Planning Tip:  If the PTO amount is a nonelective (profit sharing) contribution, it will have to be tested because the amounts will not be a uniform percentage of pay.  This testing requirement creates an additional cost that might not otherwise be incurred.  If the amount is a 401(k) deferral, it will be tested the same as other
401(k) deferrals.


For those concerned with the potential for a deferred compensation arrangement under Code Section 409A, the IRS provides welcome relief.  If the PTO account is a bona fide sick or vacation pay plan that is exempt from Section 409A, then the deferred payment of the PTO amount from the profit sharing or 
401(k) plan will not cause the PTO account to be subject to Section 409A.


Unused PTO amounts may be contributed to profit sharing and 401(k) plans on termination of employment.   IRS Rev.
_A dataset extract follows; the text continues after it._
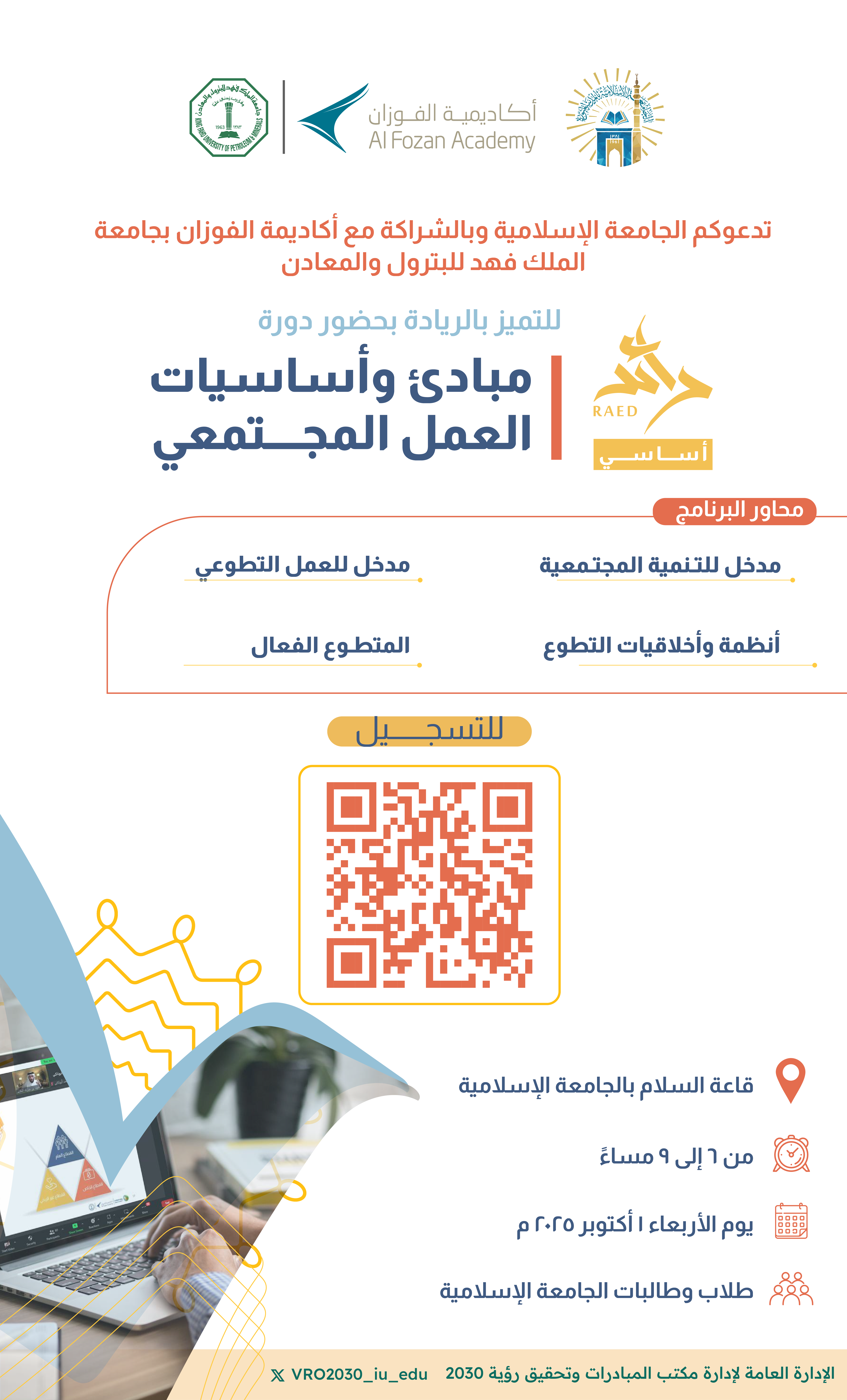 ضمن برنامج رائد وبالشراكة مع أكاديمية الفوزان، تدعوكم الجامعة الإسلامية لحضور دورة (حضوري): مبادئ وأساسيات العمل المجتمعي.
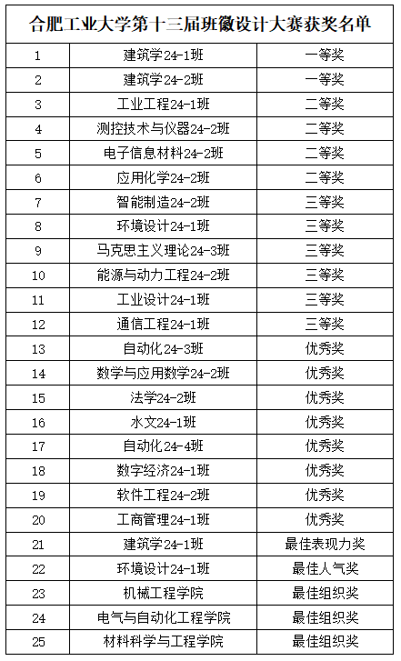 广大班级积极参赛,比赛共收到投稿100余件,经专家评审、线上投票与线下答辩,评出一等奖2个、二等奖4个、三等奖6个、优秀奖8个、最佳表现力奖1个,最佳人气奖1个,优秀组织奖3个,现予以公示,具体名单如下:

Rul. 2009-32 addresses circumstances under which the dollar equivalent of unused PTO may be contributed to a profit-sharing or 401(k) plan upon an employee's termination of employment.  The guidance is similar to the requirements described above for active participants with unused PTO.  A qualified profit-sharing plan may be amended to require or permit contributions to the plan of the dollar equivalent of unpaid PTO at the participant's termination of employment provided that the contribution does not exceed the Code Section 415(c) limit ($49,000 for the 2009 and 2010 limitation years).  The participant will not be taxed on the dollar equivalent of the unused PTO contributed to the plan until distributions are made to the participant from the plan.  The remaining amount of the unused PTO (i.e., the amount paid directly to the participant) is taxed in the year paid.


If you are interested in using PTO as a source for profit sharing or 401(k) deferrals, please contact your employee benefits attorney or any of the attorneys listed at the end of this Alert for assistance in designing and drafting an appropriate amendment, and updating your plan's summary plan description so that participants are aware of this new feature.


Additional Guidance on the Suspension and Rollover Rules for 2009 Required Minimum Distributions – Actions Required


The IRS issued Notice 2009-82 to address the waiver of required minimum distributions ("RMDs") in 2009 for participants over age 70 ½ who would normally be required to take them.  Recognizing that prior to issuance of this guidance plan sponsors were unsure how to implement suspension of RMDs in 2009, the guidance provides transition relief from January 1 through November 30, 2009 for suspensions of RMDs in 2009 that did not comply with the plan document terms.  In addition, because the 2009 RMDs (if paid) are rollover eligible, the guidance also extends the usual 60-day rollover period for those amounts until no earlier than November 30, 2009.


The guidance includes Q&As as well as sample amendments that plan sponsors can use to amend their plans.  The amendments permit a plan to offer one of two defaults:  either make the 2009 RMD and give the affected participants and beneficiaries the right to elect to suspend the 2009 payment, or suspend the 2009 RMD and also give the affected participants and beneficiaries the right to request the payment.  The Q&As provide guidance on the timing rules for payments due to beneficiaries on account of participant deaths in 2008, spousal consent issues if there is a suspension in 2009 and restart in 2010, and a discussion of the rollover rights and tax withholding rules that apply.



 



 


Action:     Plan amendments must be adopted no later than the last day of the first plan year beginning on or after January 1, 2011, which is December 31, 2011 for calendar year plans.  A delayed date applies to governmental plans.  However, the written amendment must reflect the actual operation of the plan so plan sponsors should be sure to review their procedures for the 2009 RMDs.


Actions:  In order to comply in operation, plan sponsors should:


(1)     decide whether affected participants need to request a suspension or request a payment, depending on the default selected by the plan;


(2)     send notice to affected participants fairly quickly to permit processing of the non-default approach before the end of 2009, and;


(3)     provide rollover information to participants and beneficiaries who received the RMD this year so as to meet the November 30, 2009 deadline for rollovers of those amounts.